The spread sheet is well laid out and user friendly, with a simple Wimbledon-style draw where after six rounds a clear winner is declared and the top eight rankings are listed on a league table.
It is elegant and efficient in its design, as you would expect from a product created inside one of the world’s biggest accounting firms.
Headshots of the contestants appear to have been sourced from the mega-firm’s intranet but the prize isn’t a silver trophy like at the All England Lawn Tennis Club – it’s the honour of being named the hottest chick in European office of Deloittes.
The only difference between this and what happened on board the HMAS Success is that this 2007 spread sheet was probably viewed by thousands of people around the world, instead of a handful of sailors who likely didn’t get anywhere near the bunks of their documented prey.
Deputy Prime Minister Julia Gillard has warned the existence of “The Ledger,” a book of female targets for sex aboard the HMAS Success, might turn some women off the idea of a career at sea.
She’d better extend her warning to the legal, accounting, hospitality, medical, media, construction, and yes, political industries – or just about any field where there’s lots of men and lots of women at work.
Opposition defence spokesman Bob Baldwin even reminded us at the weekend of the infamous arrangement between Mark Latham and Joel Fitzgibbon to see who could sleep with a Coalition staffer first. They wouldn’t have been the first, and they won’t be the last people to use political power to get what they want in the bedroom.
Just two months ago a Liberal Party member was asked to take down a blog post in which he claimed the party had the “hottest girls” in politics, and obligingly provided photographs of the top contenders.
And despite enormous developments in corporate policy introduced by HR departments around the world in the past decade, this kind of thing goes on everywhere.
But unlike the Navy, most employers don’t have routine “equity and diversity health checks,” to root it out. And the RAN should be praised for the way it handled the HMAS Success story (no pun intended).
The blokes who drew up the document, which put a price on women colleagues depending on their rank and sexual orientation (with extra points if you had sex on the pool table – very exotic) have been sent home.
There’s now an investigation underway, which has a good chance of turning up the embarrassing possibility no-one privy to “The Ledger” actually got to claim a pay out.
And the captain of the Success, Commander Simon Brown, seems to have the whole thing under control. The women who work for him should feel good about it, and probably have bigger things to worry about aboard the Auxiliary Oiler Replenishment vessel than what dollar figure was put on them by a group of stupid men.
Surely more important than whether this kind of things goes on (because it does, and always will) is how employers handle it.

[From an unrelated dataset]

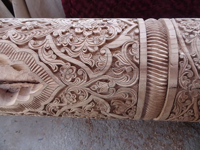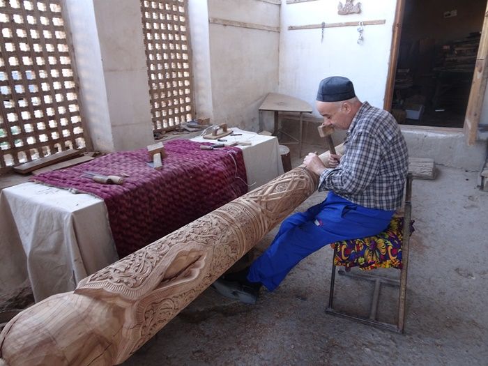 モスクを支える柱の彫刻をするオジサンの姿を暫し見学させてもらった。
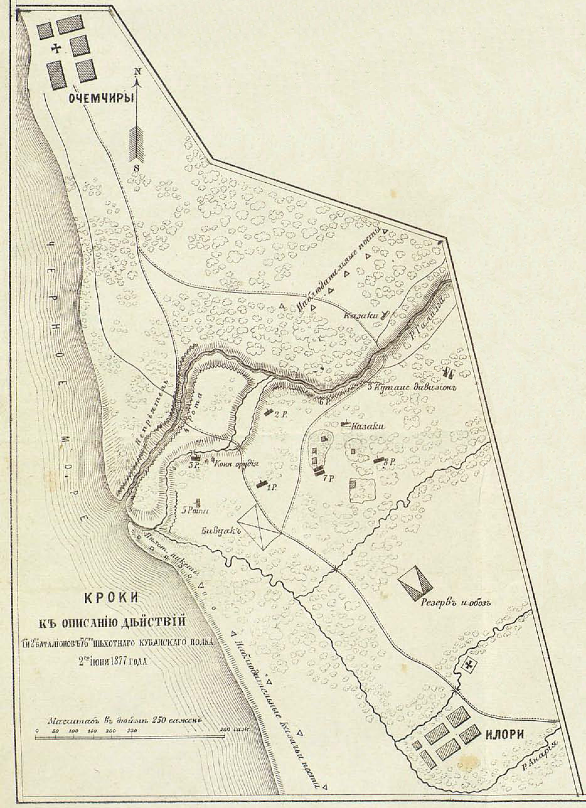 Кроки к описанию действий 2 батальона 76 пехотного Кубанского полка 2 июня 1877 года

Just ask Christina Rich, who settled out of court with PriceWaterhouseCoopers early last year over sexual harassment claims. While her case differed in the details from the bets, lists and ranking systems I’m talking about, her ordeal uncovered a culture at the firm which saw some women who did not “play the game” sidelined.
It was about the time of her legal battle that the spread sheet from the European office of Deloittes was circulated widely here.
It seems pretty harmless. The photos are just headshots of women, who are all dressed in professional attire and those who created it and passed it on would have looked at it as a bit of fun with no consequences.
But for all minor difference in detail between it and the Supply’s “Ledger”, it’s essentially the same thing. And it’s a sophisticated example of the kind of ranking that goes on in workplaces all over the world every day.
Your daughter’s got just as much chance ending up on one these lists at a respectable financial or legal firm as she does in the military.